Here in this congregation, in this house of the Lordwe have baptisms, weddings, and today a confirmation ceremony!

There are cooking nights, and Bible Study, Fair Wage Discussions and Lenten suppers – opportunities to listen closer for God’s voice.   We sing together, eat together, rejoice together, discuss together.  We are completing reorganization, with new, willing people taking the torch from former, dedicated people and every nomination spot filled. We are drawing on people’s strengths and inviting them to try new things, to see how God might engage them in growth.

Stay attuned to where God is moving in your life.  Perhaps you have reunited with loved ones long missed, or found reconciliation in a problematic relationship.  Perhaps you have found the sacredness in every moment, and slowed down to be grateful for each blessing in real time.  Yesterday this sanctuary was filled for the Memorial service for Bob Johnson, showing how many people you can impact with your passion and your character. There’s hardly a better example of someone who fought to keep awake and harness his days with God. Perhaps you have found a new passion, and new people who share your passion, or new interests to enrich your days. 

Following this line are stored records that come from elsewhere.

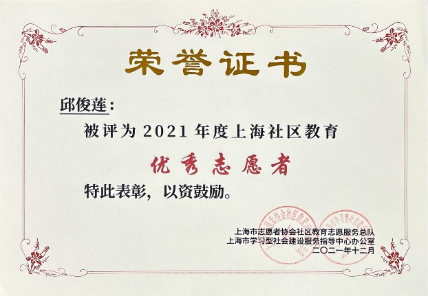 马丽华、邱俊莲老师获“2021年度上海社区教育优秀志愿者”称号
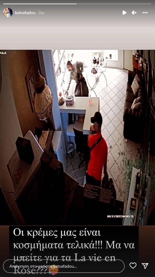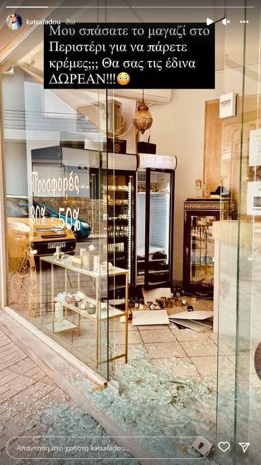 Την είδηση έκανε γνωστή η ίδια η επιχειρηματίας με αναρτήσεις της στο προφίλ της στο Instagram, στις οποίες αναφέρει πως οι δράστες εισήλθαν στο μαγαζί και απέσπασαν κρέμες.
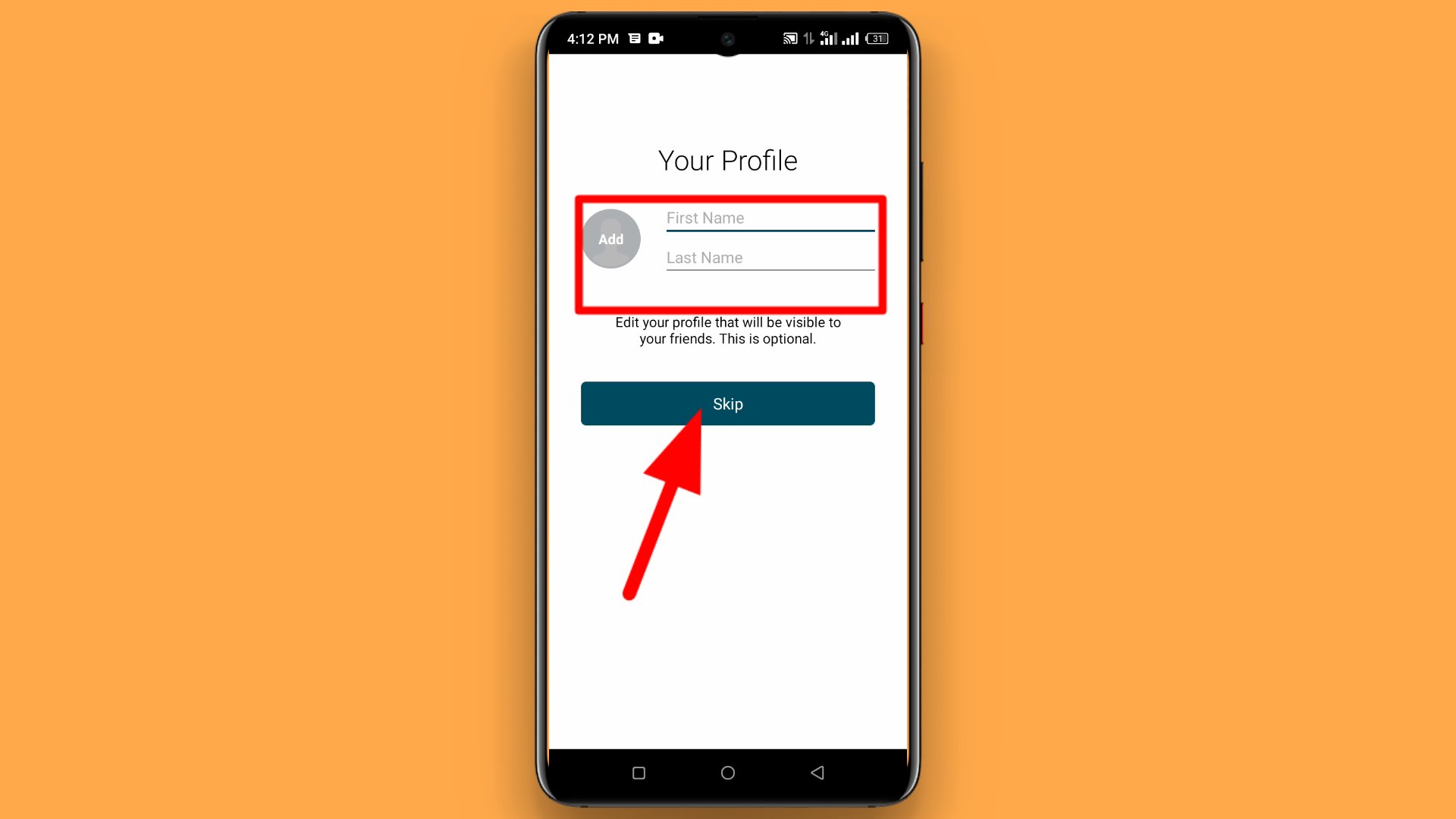 ৫. এর পরের ধাপে আপনাকে নিয়ে আসবে আপনার প্রোফাইল নাম দেবার অপশনে। এখানে আপনি চাইলে আপনার নামটি লিখে দিতে পারেন অথবা না চাইলে আপনি নিচের 'skip' লেখাতে ক্লিক করে পরের ধাপে যেতে পারেন। তবে এখানে আপনি যদি কোন নাম দেন তবে অবশ্যই সেটি ভোটার আইডি কার্ড অনুযায়ী দিয়ে দিবেন। এছাড়া এ নামটি আপনি পরবর্তীতেও দিতে পারবেন, আপনি অ্যাপটি দ্বিতীয় বার ইন্সটল করে যখন লগইন করবেন তখন এটি দেওয়ার অপশন আসবে। আপনি চাইলে পরবর্তীতে ও সেটি দিয়ে দিতে পারেন।

Reading this passage at the beginning of Advent reminds us that we are not in control of the way God works in our lives, but we have to keep watch for it.  Too often we try to keep God in a box that we can manage, taming God’s power, but the prophet reminds us that God cannot be contained. And, thank goodness for that, because that means that God’s grace and God’s surprises can also not be predicted or contained.  Jesus asks us to keep awake, because God moves in subtlety, but is always moving.